▸ WHAT IS REQUIRED:
With no omissions, write out every record given below.

▸ MATERIAL FOR THE TASK:
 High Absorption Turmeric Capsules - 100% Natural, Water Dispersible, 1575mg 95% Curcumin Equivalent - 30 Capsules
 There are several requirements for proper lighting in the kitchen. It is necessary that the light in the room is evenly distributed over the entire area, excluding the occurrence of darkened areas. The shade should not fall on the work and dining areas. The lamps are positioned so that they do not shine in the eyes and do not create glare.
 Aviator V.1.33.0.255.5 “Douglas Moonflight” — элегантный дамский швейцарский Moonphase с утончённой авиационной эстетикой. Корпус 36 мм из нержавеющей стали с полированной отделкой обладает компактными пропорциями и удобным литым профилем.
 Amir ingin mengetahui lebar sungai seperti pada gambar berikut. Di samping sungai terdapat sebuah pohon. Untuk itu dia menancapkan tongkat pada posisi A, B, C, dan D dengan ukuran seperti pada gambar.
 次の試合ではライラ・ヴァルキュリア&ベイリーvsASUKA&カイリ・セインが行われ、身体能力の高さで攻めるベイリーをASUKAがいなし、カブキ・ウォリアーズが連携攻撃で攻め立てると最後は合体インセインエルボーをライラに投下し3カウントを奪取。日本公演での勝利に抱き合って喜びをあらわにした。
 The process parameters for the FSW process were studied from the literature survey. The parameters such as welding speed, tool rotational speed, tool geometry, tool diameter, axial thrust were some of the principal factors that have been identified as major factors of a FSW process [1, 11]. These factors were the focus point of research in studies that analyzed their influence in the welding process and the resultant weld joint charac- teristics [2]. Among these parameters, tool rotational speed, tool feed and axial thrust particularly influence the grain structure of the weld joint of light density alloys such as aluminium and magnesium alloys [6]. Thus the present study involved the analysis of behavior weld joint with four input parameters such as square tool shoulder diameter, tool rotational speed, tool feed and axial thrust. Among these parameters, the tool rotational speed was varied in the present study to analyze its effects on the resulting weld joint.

▸ RESULT FOR THIS TASK:
 High Absorption Turmeric Capsules - 100% Natural, Water Dispersible, 1575mg 95% Curcumin Equivalent - 30 Capsules
 There are several requirements for proper lighting in the kitchen. It is necessary that the light in the room is evenly distributed over the entire area, excluding the occurrence of darkened areas. The shade should not fall on the work and dining areas. The lamps are positioned so that they do not shine in the eyes and do not create glare.
 Aviator V.1.33.0.255.5 “Douglas Moonflight” — элегантный дамский швейцарский Moonphase с утончённой авиационной эстетикой. Корпус 36 мм из нержавеющей стали с полированной отделкой обладает компактными пропорциями и удобным литым профилем.
 Amir ingin mengetahui lebar sungai seperti pada gambar berikut. Di samping sungai terdapat sebuah pohon. Untuk itu dia menancapkan tongkat pada posisi A, B, C, dan D dengan ukuran seperti pada gambar.
 次の試合ではライラ・ヴァルキュリア&ベイリーvsASUKA&カイリ・セインが行われ、身体能力の高さで攻めるベイリーをASUKAがいなし、カブキ・ウォリアーズが連携攻撃で攻め立てると最後は合体インセインエルボーをライラに投下し3カウントを奪取。日本公演での勝利に抱き合って喜びをあらわにした。
 The process parameters for the FSW process were studied from the literature survey. The parameters such as welding speed, tool rotational speed, tool geometry, tool diameter, axial thrust were some of the principal factors that have been identified as major factors of a FSW process [1, 11]. These factors were the focus point of research in studies that analyzed their influence in the welding process and the resultant weld joint charac- teristics [2]. Among these parameters, tool rotational speed, tool feed and axial thrust particularly influence the grain structure of the weld joint of light density alloys such as aluminium and magnesium alloys [6]. Thus the present study involved the analysis of behavior weld joint with four input parameters such as square tool shoulder diameter, tool rotational speed, tool feed and axial thrust. Among these parameters, the tool rotational speed was varied in the present study to analyze its effects on the resulting weld joint.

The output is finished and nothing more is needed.